You’ll have a limited range of options as a buyer: many of the companies listed here are not open to private investors. There are other ways to buy pre-IPO stock, but in most cases, you will have to meet the SEC’s accredited investor criteria.

There is never any assurance that a given platform will have available shares or option finance opportunities for any given company.

If You’re Selling

If you’re an employee with options you can’t afford to exercise, these companies can provide a solution. As with any financial deal, though, you should do your homework first.

The balance between the interests of the employee, the financier, and the broker (if any) is tricky and needs to be structured as a win-win-win agreement. All parties involved have to fully understand the terms and their obligations.

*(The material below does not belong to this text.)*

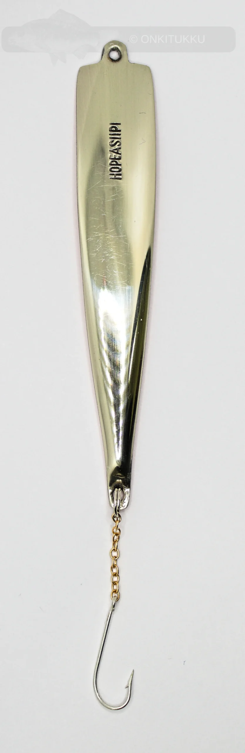 Hopeasiipi on jo ollut pitkään venepilkkijöiden suosiossa. Kiilamainen muotoilu ja hyvä painojakauma saa pilkin uppoamaan nopeasti. Pilkki toimii myös erinomaisesti kalastettaessa hitaasti ajelehtivasta veneestä. Pilkin saa uimaan melko laajalti kun nykäisee kohtalaisen kovaa. Syvissä vesissä tämä pilkki uppoaa nopeasti ja toimii talvella isojen kalojen jahdissa. Pilkissä on vakiona kirkas ketjukoukku. Puustjärvi on valmistanut pilkkejä jo 50-luvulta asti.
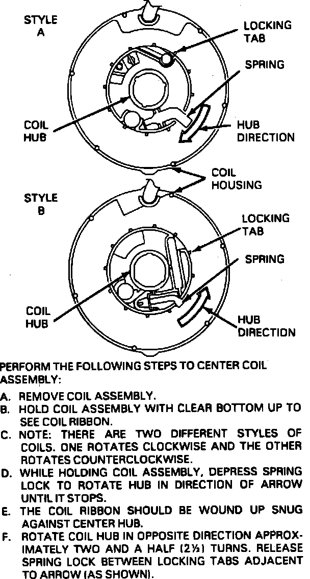 3. On models with inflatable restraint, remove coil assembly retaining ring, then the coil assembly from shaft. Allow coil assembly to hang freely.

These arrangements remove all risk from the employee exercising the option. If the shares fall in value or don’t become liquid at all, the company or the investor eats the loss. That works for the employee, but you can also expect to pay a considerable price for a no-risk transaction.

Paying that price is probably reasonable if the alternative is letting your options expire: if that happens you gain nothing, and something is always better than nothing. If you do have other potential ways to exercise the options, consider using those first.

If you’re considering making a deal for shares you already own (a service many of these companies also offer) you’ll have to analyze the situation carefully. You will give up a substantial number of shares (remember, it’s a no-risk deal for you, and those don’t come free). If an IPO or other liquidity event is likely at any time soon and you have confidence in the future, you might be better off keeping those shares for yourself!